• YOUR INSTRUCTIONS: Write out every entry exactly as given, but omit the pictures.

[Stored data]
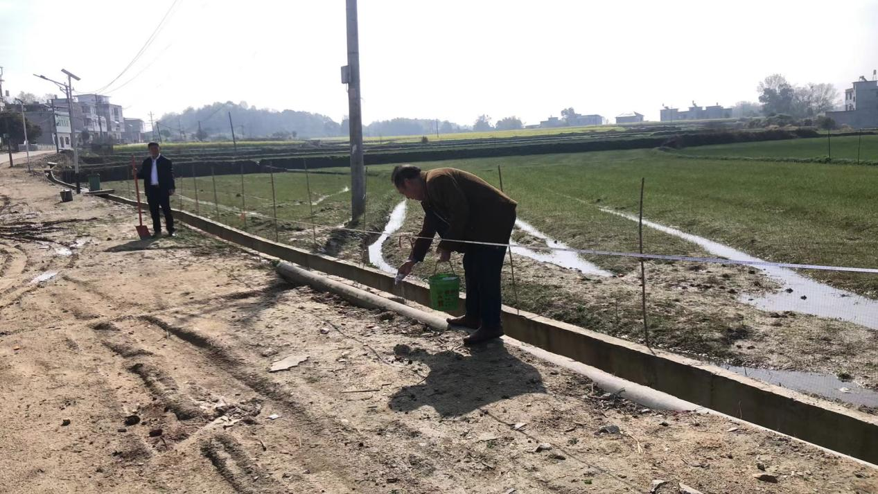 在绿化的过程中,村两委干部和村民们每相隔四米的距离都画上了记号,在确保美化景观的同时,树木也有足够的生长空间和充足的营养供应。当天栽种的150棵果树,是村两委和村民代表,根据气候、土壤条件精心挑选、适宜当地土壤气候的种类,分别为桃树、杏树、石榴、梨树、李树、柚子、枇杷等。
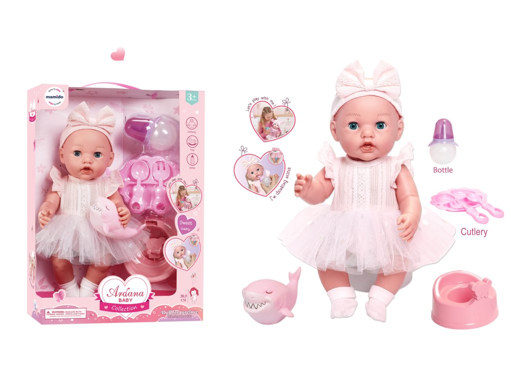 Miminko v růžových šatičkách přináší dětem svět něžné péče, her na rodinu a rozvíjení představivosti. Panenka má jemné rysy, měkké tělíčko a díky své velikosti 30,5 cm se skvěle drží i menším dětem. Součástí balení je bohatá sada doplňků, která umožní krmení, přebalování i hraní – nechybí lahvička, nočník, sada příborů ani roztomilá hračka ve tvaru žralůčka.
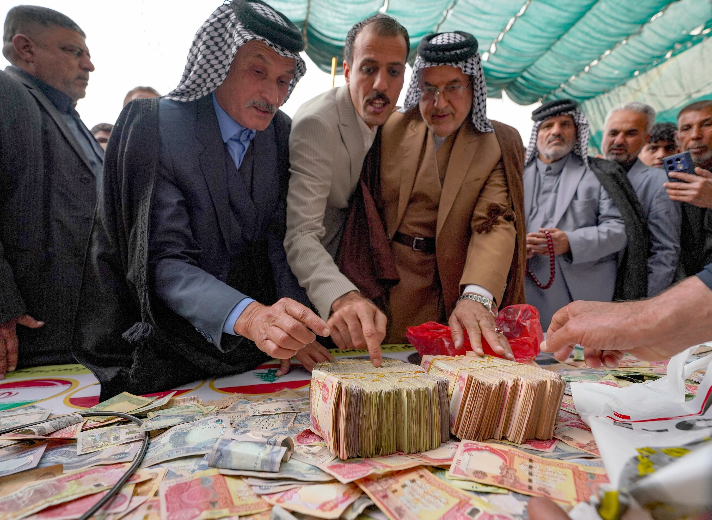 伊拉克民众募款支持伊朗和黎巴嫩人民,巴比伦。3月27日,伊拉克民众响应什叶派伊斯兰教最高领袖 Grand Ayatollah Ali Sistani 的倡议,捐赠现金、金饰等贵重财物以支持伊朗和黎巴嫩人民,三天累计筹集募款超过1亿伊拉克第纳尔(约合7.6万美元)。伊朗现任最高领袖 Mojtaba Khamenei 发表书面声明,对伊拉克宗教领袖及人民在伊朗遭受侵略时表现出的明确立场和支持表示感谢。伊朗红新月会通报2月28日至今美以袭击造成该国至少1900人死亡,包括475名妇女和儿童。摄影师:Anmar Khalil
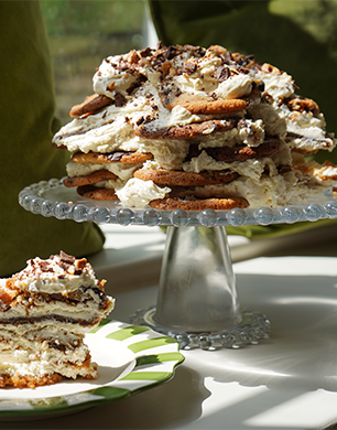 - Arrange 6 cookies in a circle on a plate, with 1 cookie in the center. Spread a layer of cream on top, leaving a slight border.
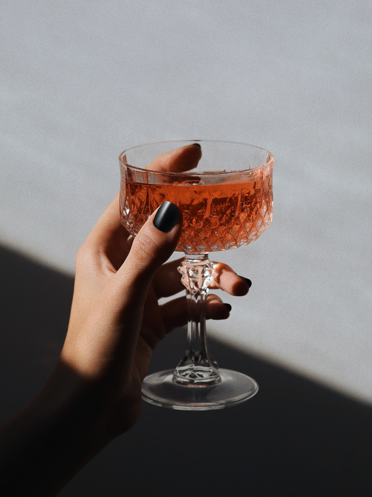 This glass I found at a flea market for less than a $1 and since then it's my cheer-up go-to. Very festive and I love drinking Rosé from it for no reason. Black nails is a reminder that even bad days deserve a celebration! I am wearing Context in Fade to Black and matte top coat by Jin Soon. Rosé by Angels & Cowboys.
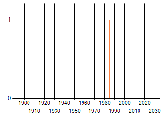 Het aantal atlasblokken (5x5 km) waarin de soort is gemeld binnen een periode van vijf jaar (vanaf 1980) of twintig jaar. Niet gecorrigeerd voor waarnemersinspanning en het aantal doorgegeven waarnemingen kan sterk variëren per periode, dus een trend in verspreiding kan hier niet direct uit worden afgelezen. Het opgegeven jaartal is het eerste jaar van de periode. Bron: gevalideerde waarnemingen uit de NDFF.
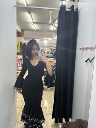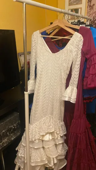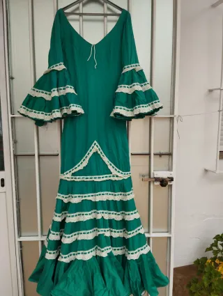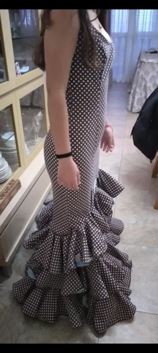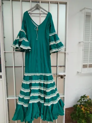 Abito Flamenco su misura in perfetto stato. Con scollatura. Un solo volant e un altro nero in basso (visibile nelle foto), con tasca interna. Taglia S-M. Misure: vita 70 cm, fianchi 96 cm, petto 90 cm, lunghezza 143 cm. Per ulteriori informazioni, contattami 😊
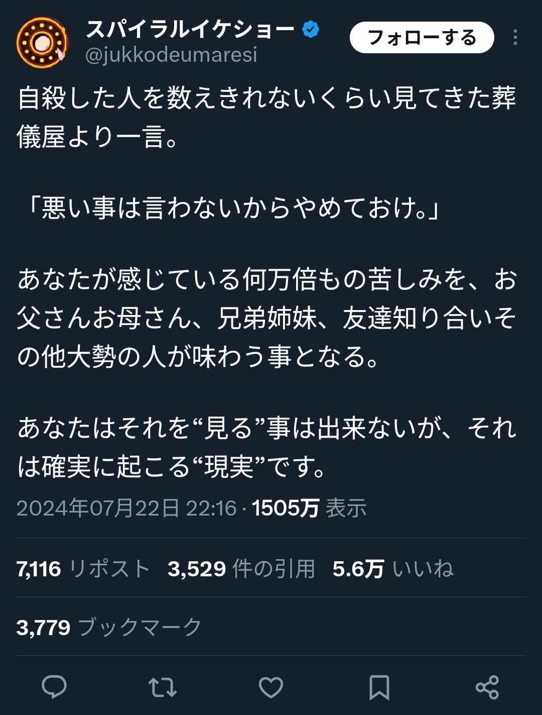 - なんで死にたい人の苦しみを軽く見るようなこと言えるんだろう
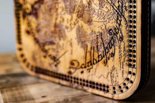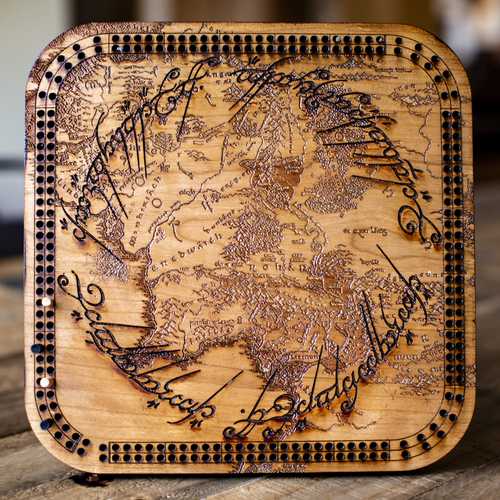 , I made a Lord of the Rings cribbage board for myself. I ended up having to do the top layer twice, as the original one done in walnut plywood from Owyn’s had some of the top layer chip off. I re-ran it and this time I didn’t have any walnut plywood left, so I did it in Cherry, which is what I had on hand. I added a compartment for the pegs on the bottom. The original one I used masking, but it was dreadful to get off. So the second one I didn’t. Not sure if I like the burnt edges on this, but my thought was that it fits the theme. I’m happy with the end result.
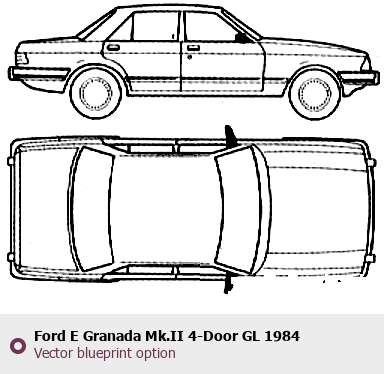 Raster blueprint of the 1984 Ford E Granada Mk.II 4-Door GL Tag. This free downloadable image can be used for graphic projects, digital design, and 3D modeling. The file provides accurate exterior proportions of the vehicle. Model year: 1984. Body type: Tag.
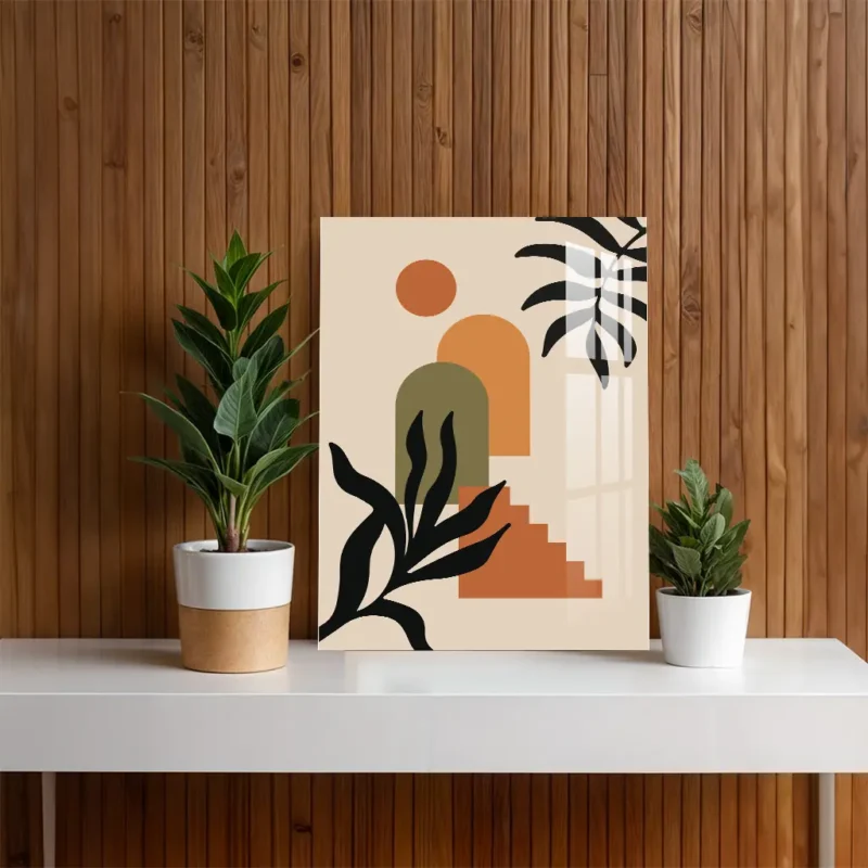 Terracotta Sun and Leaf Silhouettes – Boho Abstract Metal Poster

• RESULT FOR THIS EXERCISE:
 在绿化的过程中,村两委干部和村民们每相隔四米的距离都画上了记号,在确保美化景观的同时,树木也有足够的生长空间和充足的营养供应。当天栽种的150棵果树,是村两委和村民代表,根据气候、土壤条件精心挑选、适宜当地土壤气候的种类,分别为桃树、杏树、石榴、梨树、李树、柚子、枇杷等。
 Miminko v růžových šatičkách přináší dětem svět něžné péče, her na rodinu a rozvíjení představivosti. Panenka má jemné rysy, měkké tělíčko a díky své velikosti 30,5 cm se skvěle drží i menším dětem. Součástí balení je bohatá sada doplňků, která umožní krmení, přebalování i hraní – nechybí lahvička, nočník, sada příborů ani roztomilá hračka ve tvaru žralůčka.
 伊拉克民众募款支持伊朗和黎巴嫩人民,巴比伦。3月27日,伊拉克民众响应什叶派伊斯兰教最高领袖 Grand Ayatollah Ali Sistani 的倡议,捐赠现金、金饰等贵重财物以支持伊朗和黎巴嫩人民,三天累计筹集募款超过1亿伊拉克第纳尔(约合7.6万美元)。伊朗现任最高领袖 Mojtaba Khamenei 发表书面声明,对伊拉克宗教领袖及人民在伊朗遭受侵略时表现出的明确立场和支持表示感谢。伊朗红新月会通报2月28日至今美以袭击造成该国至少1900人死亡,包括475名妇女和儿童。摄影师:Anmar Khalil
 - Arrange 6 cookies in a circle on a plate, with 1 cookie in the center. Spread a layer of cream on top, leaving a slight border.
 This glass I found at a flea market for less than a $1 and since then it's my cheer-up go-to. Very festive and I love drinking Rosé from it for no reason. Black nails is a reminder that even bad days deserve a celebration! I am wearing Context in Fade to Black and matte top coat by Jin Soon. Rosé by Angels & Cowboys.
 Het aantal atlasblokken (5x5 km) waarin de soort is gemeld binnen een periode van vijf jaar (vanaf 1980) of twintig jaar. Niet gecorrigeerd voor waarnemersinspanning en het aantal doorgegeven waarnemingen kan sterk variëren per periode, dus een trend in verspreiding kan hier niet direct uit worden afgelezen. Het opgegeven jaartal is het eerste jaar van de periode. Bron: gevalideerde waarnemingen uit de NDFF.
 Abito Flamenco su misura in perfetto stato. Con scollatura. Un solo volant e un altro nero in basso (visibile nelle foto), con tasca interna. Taglia S-M. Misure: vita 70 cm, fianchi 96 cm, petto 90 cm, lunghezza 143 cm. Per ulteriori informazioni, contattami 😊
 - なんで死にたい人の苦しみを軽く見るようなこと言えるんだろう
 , I made a Lord of the Rings cribbage board for myself. I ended up having to do the top layer twice, as the original one done in walnut plywood from Owyn’s had some of the top layer chip off. I re-ran it and this time I didn’t have any walnut plywood left, so I did it in Cherry, which is what I had on hand. I added a compartment for the pegs on the bottom. The original one I used masking, but it was dreadful to get off. So the second one I didn’t. Not sure if I like the burnt edges on this, but my thought was that it fits the theme. I’m happy with the end result.
 Raster blueprint of the 1984 Ford E Granada Mk.II 4-Door GL Tag. This free downloadable image can be used for graphic projects, digital design, and 3D modeling. The file provides accurate exterior proportions of the vehicle. Model year: 1984. Body type: Tag.
 Terracotta Sun and Leaf Silhouettes – Boho Abstract Metal Poster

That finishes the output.